Records provided =>
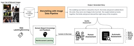 Storytelling with image data can be identified as an analytics approach to turning insights into actions. Despite the early adoption, storytelling systems are still in the early stages of development, with many unsolved theoretical and technical challenges stemming from the lack of a formal framework for story modeling and creation from data identifying the notion of story schema, story instance, story element, and narrative. Most related works [,] in storytelling presented interactive visualizations to convey data-driven discoveries in a captivating and intuitive way. However, storytelling with image data is much more than sophisticated ways of presenting data visually. Organizing image data, contextualizing it, enhancing the discovery of related events and entities in the image, and presenting it interactively to end-users are the main challenges in storytelling with image data. However, more importantly, there is a need to evaluate the quality of the constructed stories and narratives, which is still a big challenge. We further discuss the current methods for assessing the quality of generated stories in Section 8; however, we leave it as future work since there is a huge knowledge gap in this part and it is still an active research field.
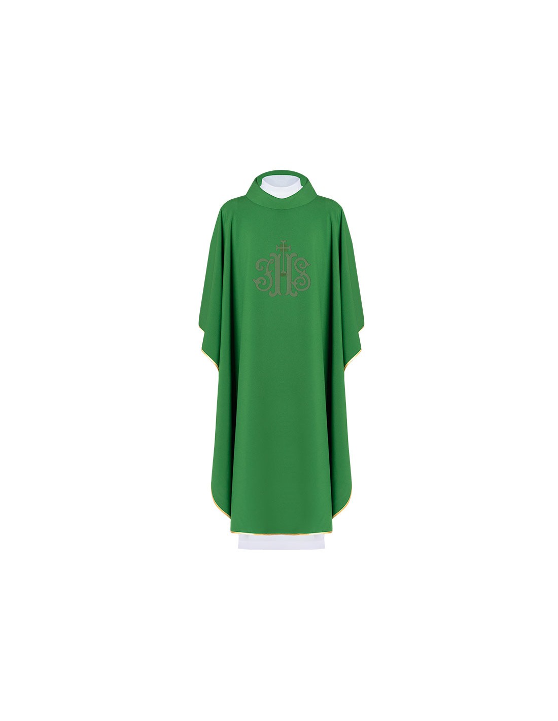 Casulla Bordada Jhs Con Cruz Superior Kor/210 Verde Cuello Cerrado Fin
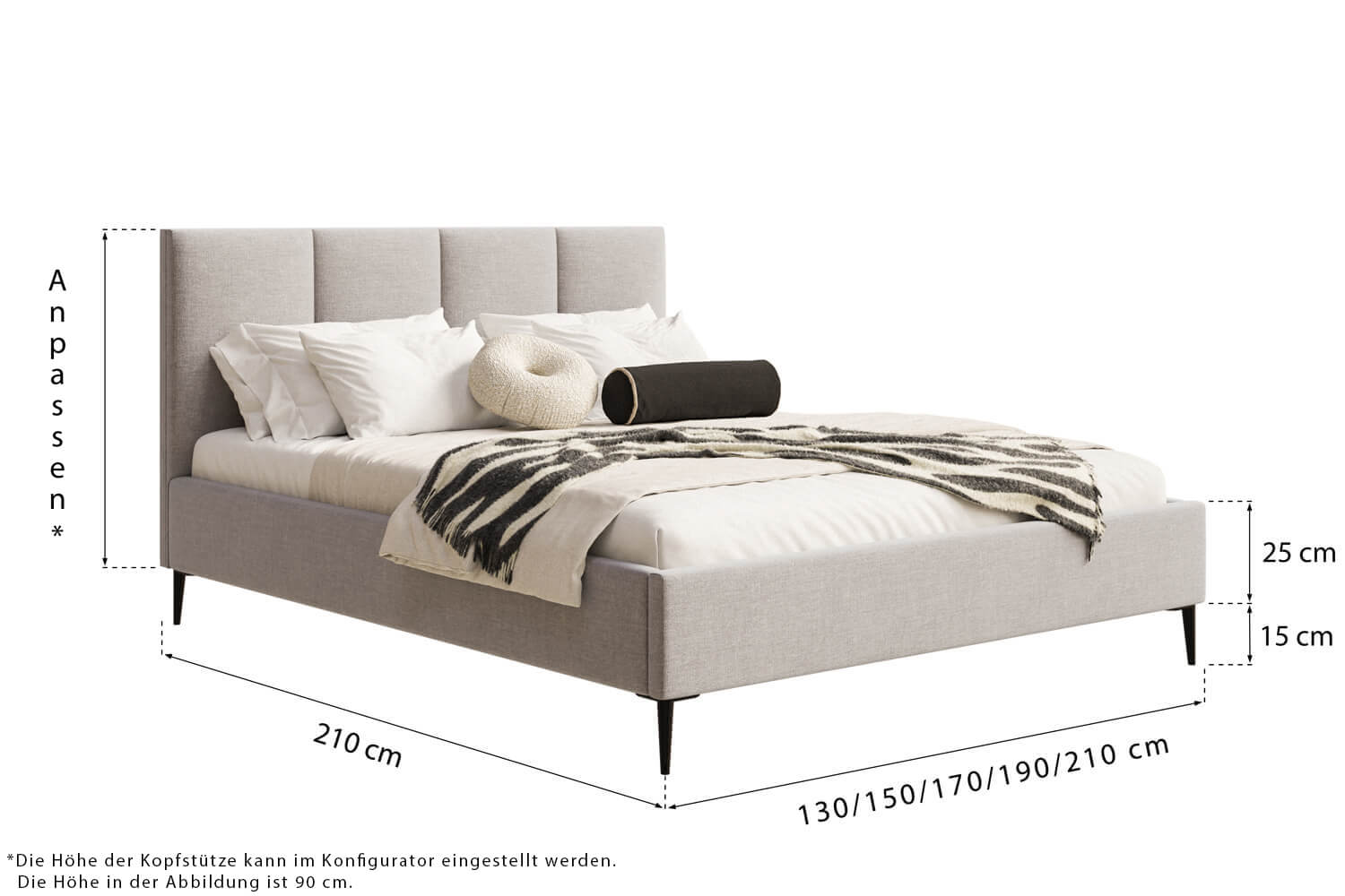 Die angezeigten Maße kannst du ändern, indem du im Konfigurator eine andere Schlafoberfläche auswählst
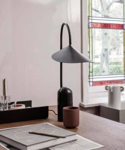 The Arum Table Lamp is characterised by the black solid marble base combined with the organically shaped lampshade. Achieving the perfect balance in the off-centre structure of the lamp, the black marble foot counterweighs the gentle way the lampshade is suspended from the curved metal arch in a leaf-like manner. With the matte, off-white inside of the shade, the lamp provides a soft, evenly distributed light, and the lampshade can be adjusted to ensure optimal light conditions in all situations.
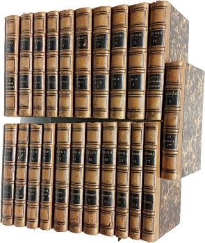 (TAW3) - París - "Avec des notes historiques" - Los 22 tomos encuadernados en medio cuero café, tapas y guardas marmoladas - Páginas con algunas pintas de óxido - Pocos roces externos en puntas y bordes - Buen estado |
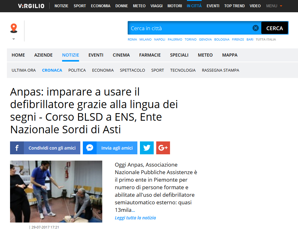 Area StampaRassegna 2017Web Virgilio.it – Anpas: imparare a usare il defibrillatore grazie alla lingua dei segni – Corso BLSD a ENS, Ente Nazionale Sordi di Asti 29 Luglio 2017 29/07/2017 – Virgilio.it – Anpas: imparare a usare il defibrillatore grazie alla lingua dei segni – Corso BLSD a ENS, Ente Nazionale Sordi di Asti Tweet
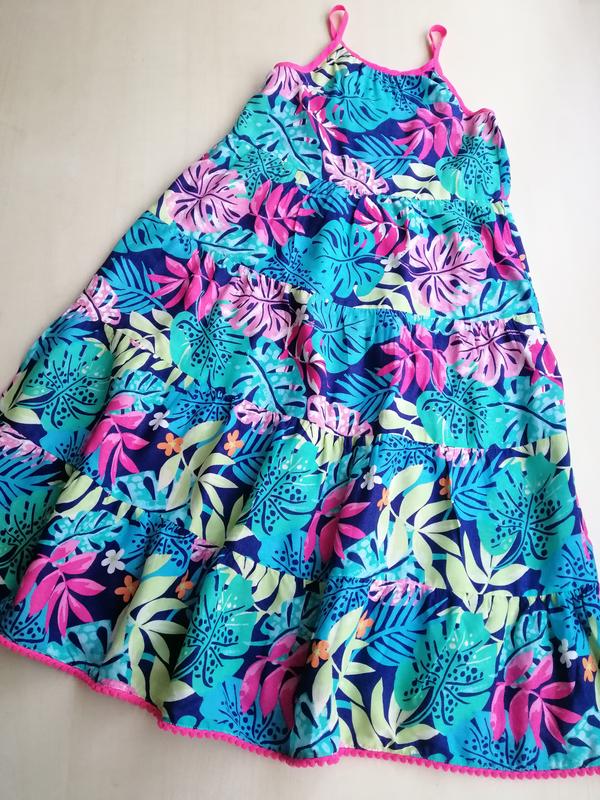 Классный летний сарафан Matalan, ткань 100% вискоза. Возраст указан 5 лет, но он длинный, может быть на больший возраст. В хорошем состоянии, без дефектов. Длина с бретелькой 80-81, длина от подмышки 63-64, ширина под руками 28 (сзади резинка, можно потянуть до 30), пояса 32, дальше широкая.
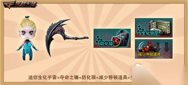生化追击!参与对局限时领迷雾幽灵 为庆祝9月版本“乱斗无极限”正式上线,9月24日至10月31日期间,玩家进入本次活动页面即可无条件领取一份生化补给套装,包含迷你生化手雷、夺命之镰、防化服、减少停顿道具与生化弹匣在内的生化礼包助力玩家畅玩“天空游乐场”。
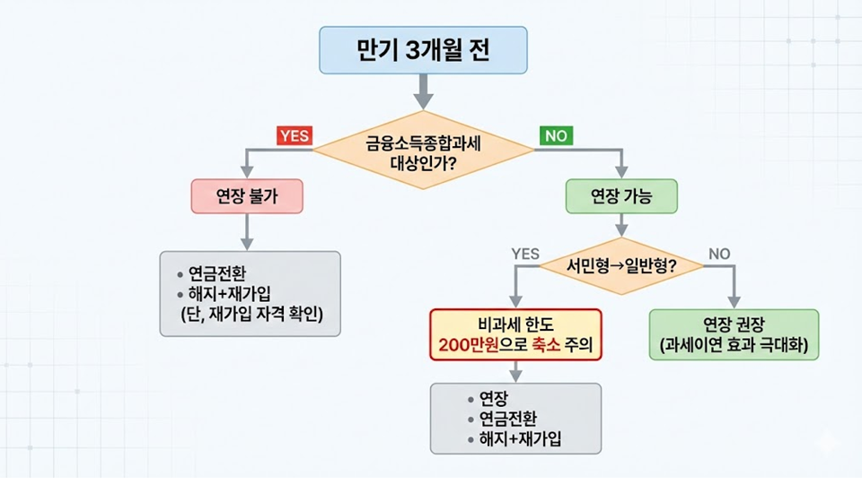 "의무가입기간 3년이 지났다면, 나는 지금 '비과세 한도·연금전환·재가입·과세이연' 중 어떤 걸 최우선으로 할지 먼저 정하고, 그다음에 '연장' vs '해지'를 결정하시면 됩니다."
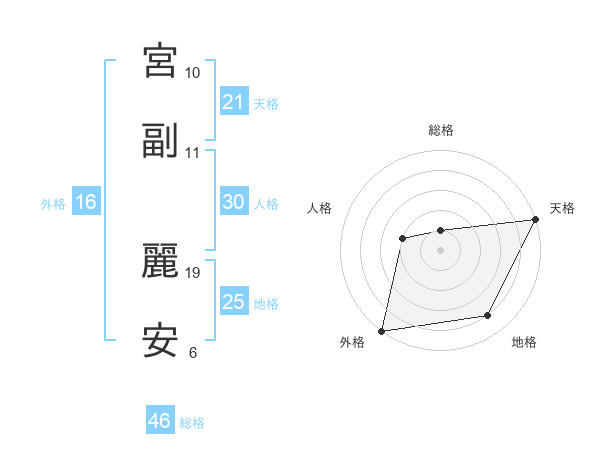 宮副 麗安さんの総格は46画の1点!
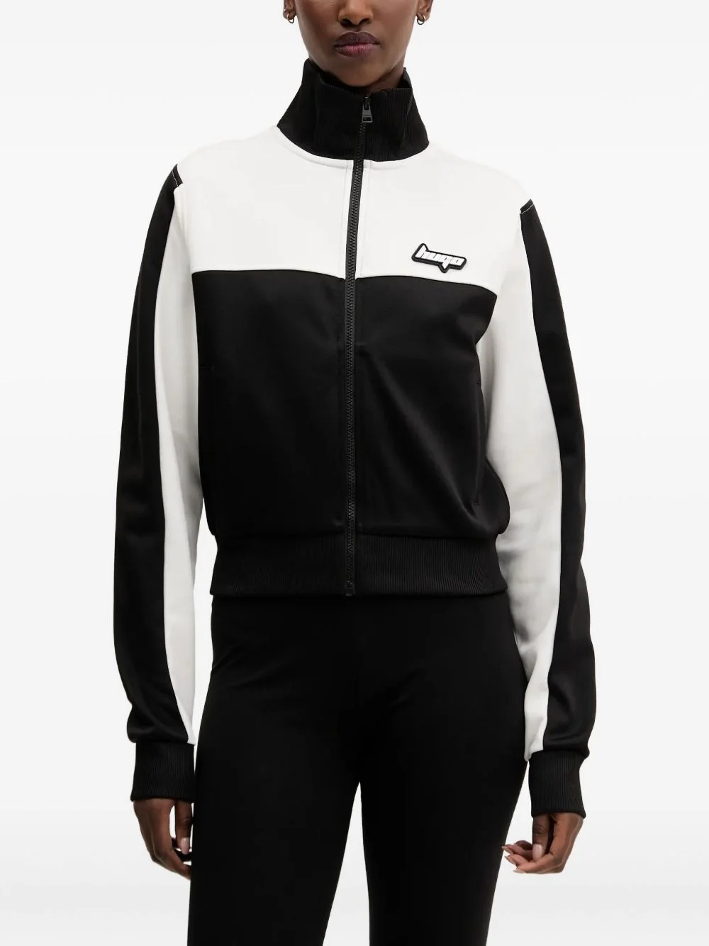 colour-block zip-up sweatshirt Highlights - Black - Colour-block panelling - Front zip fastening - High neck - Logo applique - Ribbed cuffs Imported Composition Polyester 70%, Cotton 30% Washing instructions Machine Wash
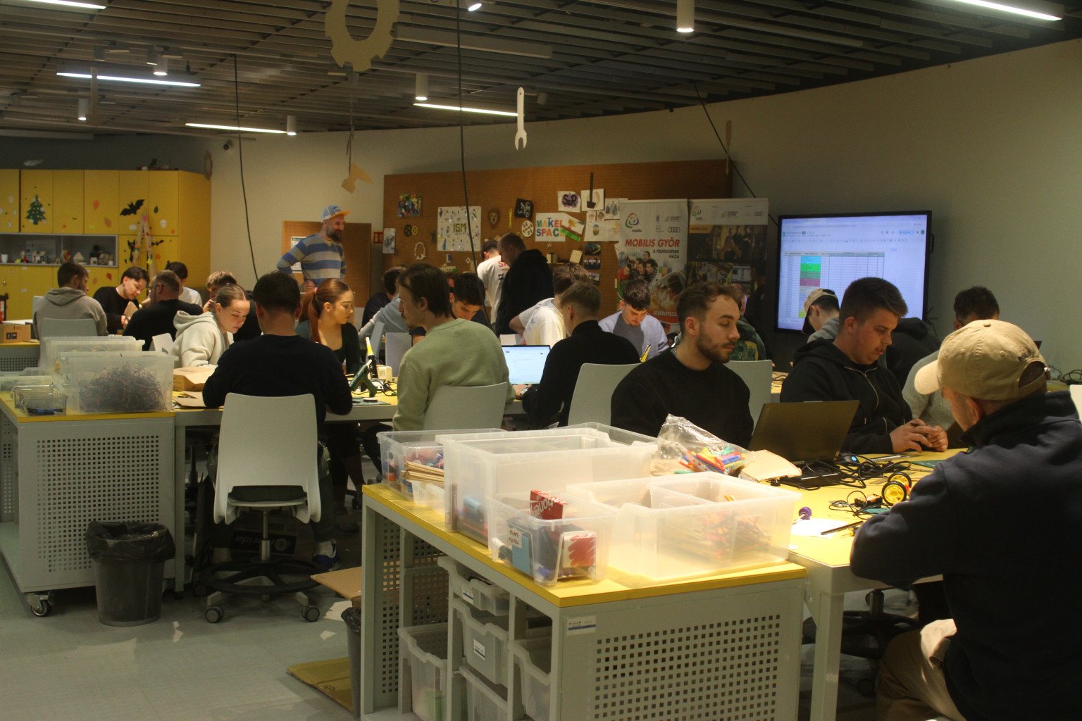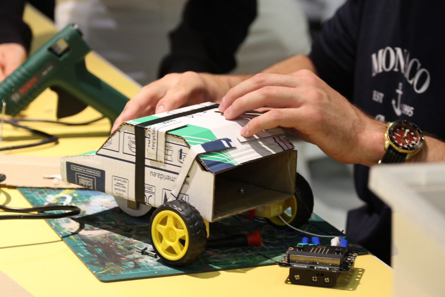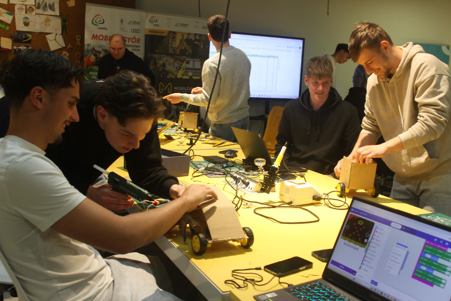 A második rész pedig gyakorlati: idén a diákok kaptak eszközöket (szenzorokat, motort, kábeleket, kerekeket, micro:bitet, motorvezérlőt…), amelyekből építeniük kellett egy működőképes járművet.

The task =>
Reproduce the material exactly. Pictures stay out.

Finished exercise =>
 Storytelling with image data can be identified as an analytics approach to turning insights into actions. Despite the early adoption, storytelling systems are still in the early stages of development, with many unsolved theoretical and technical challenges stemming from the lack of a formal framework for story modeling and creation from data identifying the notion of story schema, story instance, story element, and narrative. Most related works [,] in storytelling presented interactive visualizations to convey data-driven discoveries in a captivating and intuitive way. However, storytelling with image data is much more than sophisticated ways of presenting data visually. Organizing image data, contextualizing it, enhancing the discovery of related events and entities in the image, and presenting it interactively to end-users are the main challenges in storytelling with image data. However, more importantly, there is a need to evaluate the quality of the constructed stories and narratives, which is still a big challenge. We further discuss the current methods for assessing the quality of generated stories in Section 8; however, we leave it as future work since there is a huge knowledge gap in this part and it is still an active research field.
 Casulla Bordada Jhs Con Cruz Superior Kor/210 Verde Cuello Cerrado Fin
 Die angezeigten Maße kannst du ändern, indem du im Konfigurator eine andere Schlafoberfläche auswählst
 The Arum Table Lamp is characterised by the black solid marble base combined with the organically shaped lampshade. Achieving the perfect balance in the off-centre structure of the lamp, the black marble foot counterweighs the gentle way the lampshade is suspended from the curved metal arch in a leaf-like manner. With the matte, off-white inside of the shade, the lamp provides a soft, evenly distributed light, and the lampshade can be adjusted to ensure optimal light conditions in all situations.
 (TAW3) - París - "Avec des notes historiques" - Los 22 tomos encuadernados en medio cuero café, tapas y guardas marmoladas - Páginas con algunas pintas de óxido - Pocos roces externos en puntas y bordes - Buen estado |
 Area StampaRassegna 2017Web Virgilio.it – Anpas: imparare a usare il defibrillatore grazie alla lingua dei segni – Corso BLSD a ENS, Ente Nazionale Sordi di Asti 29 Luglio 2017 29/07/2017 – Virgilio.it – Anpas: imparare a usare il defibrillatore grazie alla lingua dei segni – Corso BLSD a ENS, Ente Nazionale Sordi di Asti Tweet
 Классный летний сарафан Matalan, ткань 100% вискоза. Возраст указан 5 лет, но он длинный, может быть на больший возраст. В хорошем состоянии, без дефектов. Длина с бретелькой 80-81, длина от подмышки 63-64, ширина под руками 28 (сзади резинка, можно потянуть до 30), пояса 32, дальше широкая.
生化追击!参与对局限时领迷雾幽灵 为庆祝9月版本“乱斗无极限”正式上线,9月24日至10月31日期间,玩家进入本次活动页面即可无条件领取一份生化补给套装,包含迷你生化手雷、夺命之镰、防化服、减少停顿道具与生化弹匣在内的生化礼包助力玩家畅玩“天空游乐场”。
 "의무가입기간 3년이 지났다면, 나는 지금 '비과세 한도·연금전환·재가입·과세이연' 중 어떤 걸 최우선으로 할지 먼저 정하고, 그다음에 '연장' vs '해지'를 결정하시면 됩니다."
 宮副 麗安さんの総格は46画の1点!
 colour-block zip-up sweatshirt Highlights - Black - Colour-block panelling - Front zip fastening - High neck - Logo applique - Ribbed cuffs Imported Composition Polyester 70%, Cotton 30% Washing instructions Machine Wash
 A második rész pedig gyakorlati: idén a diákok kaptak eszközöket (szenzorokat, motort, kábeleket, kerekeket, micro:bitet, motorvezérlőt…), amelyekből építeniük kellett egy működőképes járművet.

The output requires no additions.